The courts across the nation have adopted various approaches in pointing out that protective helmet statutes are designed to protect the general public's welfare and safety, as well as that of the motorcycle rider. Some have found legislative intention to confer benefits to highway users as a class on the basis that since the motorcycle rider is in an exposed position, he may be struck by flying objects causing loss of control and thereby endangering pedestrians or other motorists; others suggest that such statutes protect motorists who might otherwise become involved in automobile-motorcycle accidents and be charged with negligent homicide; others suggest that since the use of highways is only a conditional *303 privilege a helmet requirement may be legitimately imposed; others suggest that helmet laws are simply equipment regulations similar to those requiring other safety devices on other types of motor vehicles; others, such as the court in Washington, suggest that the public expense of providing emergency ambulance, medical and hospital care for persons injured upon the public highways justify the initiation of measures by the legislature to reduce such burdens upon the general public; others suggest that a disabling head injury usually results in the diminished ability of an individual to support himself and the possibility of another addition to the already overloaded public welfare rolls; still others cite the probability of increased insurance rates.

Whatever approach other courts have taken by way of holding their statutes of this same type constitutional, the authority is overwhelming and the reasons therefor many and varied. There can be no doubt that certain interests of the general public in its welfare and safety are served by statutes of the type presented herein. We believe that the general traveling public is benefited as a class in that the protective helmet reduces to some extent the possibility of a motorcycle rider losing control of his vehicle and endangering other highway users. It further reduces the need for and therefore the costs of providing police, ambulance and other emergency personnel and equipment at accident scenes. While the interest of the general public may be secondary as compared with the importance of wearing a helmet to the motorcycle rider, those rights of the general public are nevertheless real, ascertainable, and needful of protection. In such cases the right of the individual as asserted by the respondent to "be let alone" must be considered subservient to the real necessities of protection of the general public. As was well said in Bisenius v. Karns, 42 Wis. 2d 42, 165 N.W.2d 377 (1969), in dealing with the same argument as made herein,

"There is no place where any such right to be let alone would be less assertable than on a modern highway with cars, trucks, busses, and cycles whizzing by at sixty or seventy miles an hour. When one ventures onto such a highway, he must be expected and required to conform to public safety regulations and controls, including some that would neither have been necessary nor reasonable in the era of horse-drawn vehicles.",

all of which is only perhaps another way of saying that the ability to "do one's own thing" depends on the time, place and circumstances.

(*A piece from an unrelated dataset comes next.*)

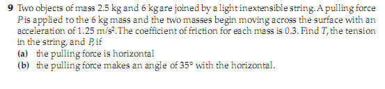 tension in the second string(one connecting the two blocks) and friction is acting opposite to Pcos35. However it's not exactly equal to it since netforce is non-zero.

The court in State v. Laitinen, supra, stated:

"The legislature could also reasonably assume — and legislate on such assumption — that the public welfare and safety is substantially affected by the dangers arising from motorcycle riding."

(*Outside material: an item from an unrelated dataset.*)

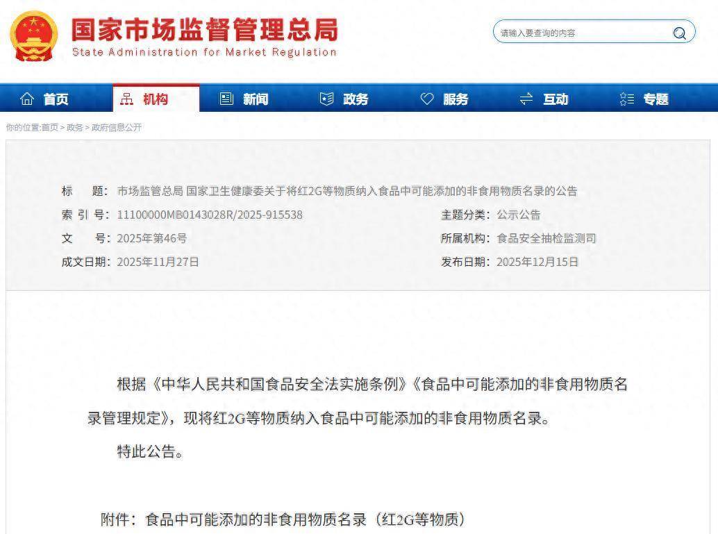 (人民日报健康客户端记者 乔芮)12月15日,国家市场监督管理总局、国家卫生健康委联合发布《关于将红2G等物质纳入食品中可能添加的非食用物质名录的公告》,将红2G、二甲基黄、二乙基黄、西布曲明及其衍生物纳入非食用物质名录。

We conclude that the legislature, in passing the questioned statute, created no unconstitutional imbalance between the personal liberty of the individual and the interests of society in general.

The decision of the district court ruling I.C. § 49-761A unconstitutional is reversed and the case remanded for such further proceedings as may be appropriate.

McFADDEN, C.J., and McQUADE, DONALDSON and SPEAR, JJ., concur.

NOTES

[1] Report of the Secretary of Transportation, H.R.Document No. 138, 90-1.

[2] New York Session Laws, p. 2961 (McKinney 1966).

[3] American Motorcycle Association v. Davids, 11 Mich. App. 351, 158 N.W.2d 72 (1968).